Наложил повязку и после этого успокоился.
Заседателей пригладил рыжие волосы, плюнул под ноги. Потом достал пачку сигарет с зажигалкой и протянул.
– Угощайся, Александрыч…
Они закурили, глядя в низину.
– Теперь я понял, как на самом деле бывает, – тихо сказал Заседателев и замолчал.
Группа захвата действовала ритмично. Без беготни. Двое беспрестанно наблюдали за пленниками. Те сидели на земле, согнув спины. В отдалении от них лежали громадные рюкзаки. Остальные сотрудники занимались оружием. В перчатках. Разряжали стволы и складывали рядом с машиной.
– Кажется, все здесь… – произнес Прянишников, садясь рядом и блуждая глазами по лесу. – Бой записали на видео… Что дальше?
– Доложу шефу, а этих сейчас допросим… – И к Заседателеву: – Как вы на это смотрите?
Тот смотрел положительно. Допросить в обязательном порядке, пока в себя не пришли. И мешки перетрясти. Главное – определить, кому и что принадлежит.
Взялись за первый мешок. Развязали. Волосы шевельнулись на голове у майора: мешок был набит медвежьими лапами. В другом то же самое. В третьем – шкура дальневосточного леопарда.
Помощник прокурора вскочил и метнулся к задержанным, но Лушников его удержал. К чему теперь лишнее кровопусканье.
– Суки, гориллы! – орал Заседателев. – Их всего тридцать штук осталось в природе! – Как вас после этого называть?! Чей мешок?!
Пленники смотрели в землю.
– Дальневосточный леопард… Чей мешок, спрашиваю?!
Нашел дураков, чтобы ему просто так отвечали.
– Ничего. Разберемся… – Помощник угрожающе понизил голос. – Последнего мамонта – и того в лоскуты порвете… Рассказывай, кот помоешный!.. – Он ткнул носком ботинка в задницу одному. – Куда делась опергруппа?! Зимой?! Где наши люди?!
Однако тот молчит, словно валун. Молчат и остальные. Вместе им всем теперь хорошо. На миру и смерть красна.
Заседателев обернулся к Лушникову, отвел в сторону и зашептал растерянным голосом.
– Чо делать-то будем?
– Импровизировать… Только ты не задавай лишних вопросов…

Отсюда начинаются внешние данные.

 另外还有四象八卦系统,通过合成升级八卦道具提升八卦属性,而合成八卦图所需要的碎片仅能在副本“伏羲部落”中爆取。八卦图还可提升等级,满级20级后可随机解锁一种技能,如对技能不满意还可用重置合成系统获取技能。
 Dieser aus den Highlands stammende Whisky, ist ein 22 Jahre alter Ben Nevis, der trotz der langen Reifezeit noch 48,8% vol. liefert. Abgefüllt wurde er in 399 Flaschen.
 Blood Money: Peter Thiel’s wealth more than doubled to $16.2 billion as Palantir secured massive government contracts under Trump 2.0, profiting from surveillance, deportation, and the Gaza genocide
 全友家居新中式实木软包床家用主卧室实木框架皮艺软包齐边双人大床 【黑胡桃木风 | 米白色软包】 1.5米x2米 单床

Тот понял с полуслова. Время не ждет. Оно уходит безвозвратно, и с каждой секундой приходит в себя браконьер.
Лушников подошел к задержанным.
– В молчанку сыграть надумали? – спросил. – Ну, молчите тогда… Но я должен вас предупредить: сейчас будет море крови… Океаны страданий. Потому что я за себя не ручаюсь. – И к Прянишникову? – Где у нас?…
– Что?… – не понял тот.
– Сыворотка правды.
– Так это – в машине же всё лежит… Но у нас нечем ее разбодяжить!

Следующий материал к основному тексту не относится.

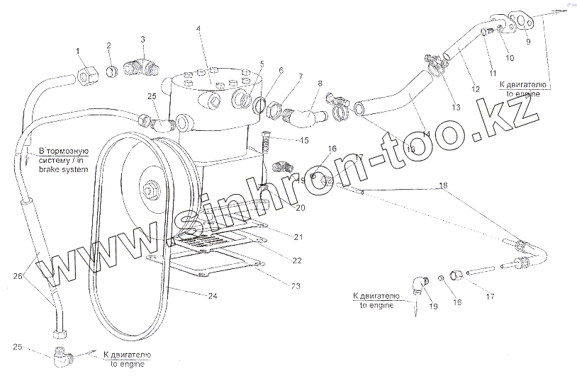 Каталог запасных частей к технике: МЗКТ-7402. Установка компрессора
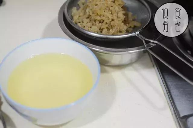 6、待油渣变浅黄色,基本萎缩时,将火关掉,用勺子将油舀出,滤网过滤油渣。(盛器一定要选择耐高温的,有盖子易保存。如果盛器不耐高温,就在锅子里面晾凉再装也可以)
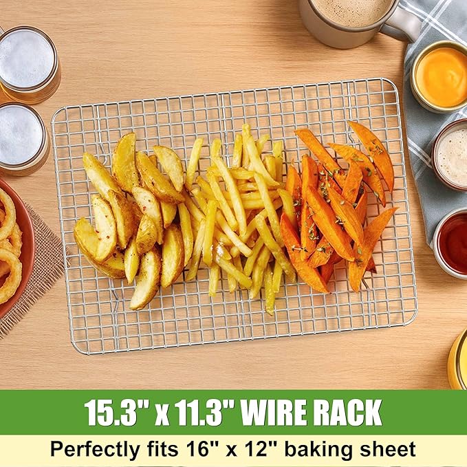 - Perfect size, 15.3" x 11.3" x 0.75" cooling racks fit perfectly inside 16" x 12" jelly roll baking pans and they can also be used separately, the cooking racks are oven safe up to 450 °F so you can bake and cool the baked foods in one rack, mirror finish for effortless food release
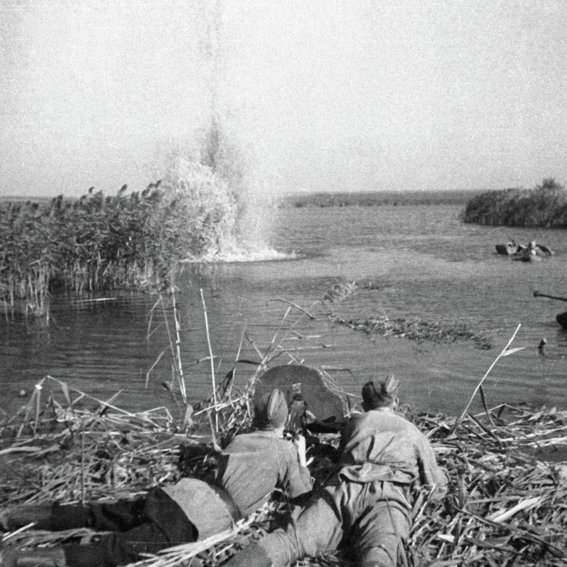 Советтик аскерлер өздөрү жасаган кайыктар менен жайык дарыядан өтүп, өздөрү менен кошо куралдарды, минометторду ташыган. Бир катар жоокерлер сүзүп өтүүгө аргасыз болушкан.
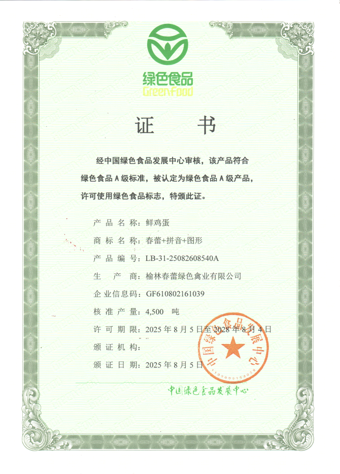 · 08月,春蕾鸡蛋通过中国绿色食品发展中心“绿色食品”续展认证。

Лушников обвел местность взглядом, уперся в ручей с мутной весенней водой.
– Нечем, говоришь?! Разбавить?! – крикнул он. – А это у нас что?! Не вода?!

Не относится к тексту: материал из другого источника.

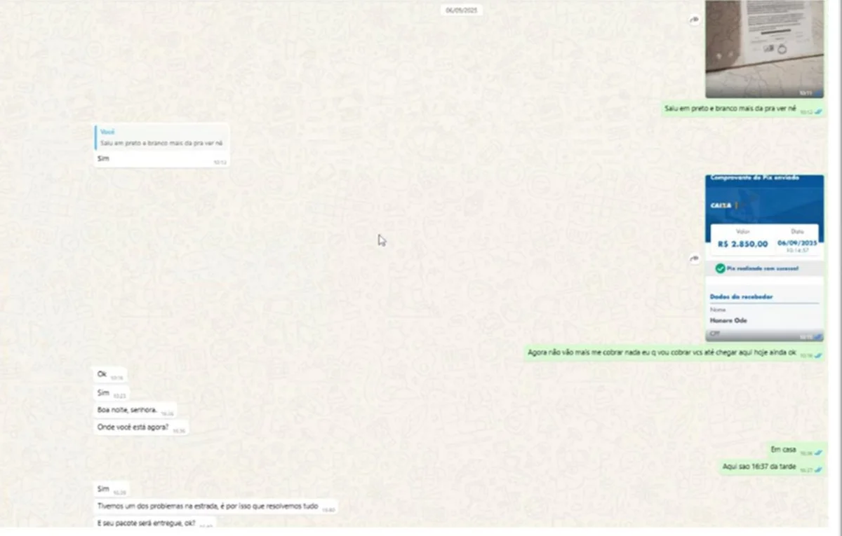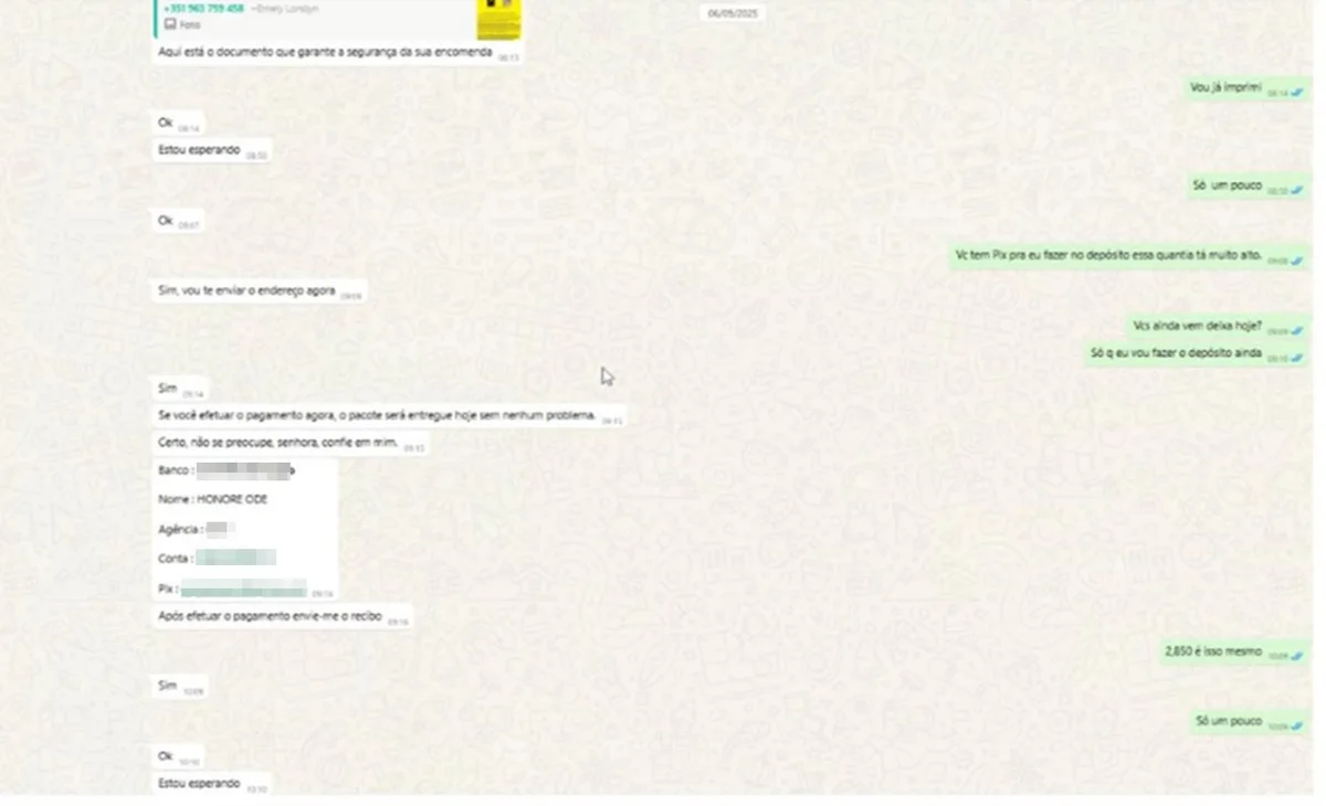 As transferências incluíam valores como R$ 2,85 mil para “envio internacional”, R$ 1,5 mil por um suposto acidente com o caminhão da entrega e R$ 1,35 mil para uma “entrevista obrigatória”. Outros pagamentos foram feitos sob pressão emocional.

– Надо бы вскипятить… Дело в том, что бактерии…
– Обойдутся! – оборвал его майор. – Несите мне хоть из лужи. Разбавим и вколем сразу по кубику, запишем показания… – И к задержанным: – Кто не сдохнет – тот, без сомнения, останется жить. Некогда нам кипятить! Тащите этого первым!
Майор ткнул пальцем в мужика с разбитой рожей. Не везет человеку. Опять под раздачу попал.
– Чо я-то?… – хрюкнул тот, но ему не ответили. Мужика подхватили за перехваченные за спиной руки, дернули кверху – тот вскочил и сам побежал, норовя обогнать конвоиров и стараясь уйти от боли в плечевых суставах.
– В другой раз не задавай глупых вопросов, – сказал ему вслед Лушников.
Мужика подвели к задней дверце машины, вновь приподняли ему руки – пленник сам внутрь заскочил.
Браконьеры насупились, пригнулся к земле. Оперативники, не торопясь, принесли из машины огромных размеров шприц и набрали из ручья воды. Таким устройством крупный рогатый скот врачуют, но ментам, как видно, наплевать на здоровье задержанных. Менты… Им же все равно, козлам… В них же стреляли… Теперь они отыграются…
Допрос при помощи шприца оказался не долгим. Минут пять ушло всего. Зато допрашиваемый выбрался из машины и брякнулся на колени. Во рту кляп. Мужика подняли и повели в другую сторону, в распадок. Там расстегнули наручники, завели руки вокруг матерой березы, снова замкнули и быстро вернулись.
Пленники пристально наблюдали за происходящим. Безотказно действует сыворотка. Вон как Серёньку продернуло, что даже с копыт соскочил.
– Чо вы ему рот-то законопатили? – спросил самый смелый.
– Покусать себя может… От сыворотки…
– Возьмите меня – я сам расскажу! – не выдержал один.
Просьбу удовлетворили. Подняли и повели.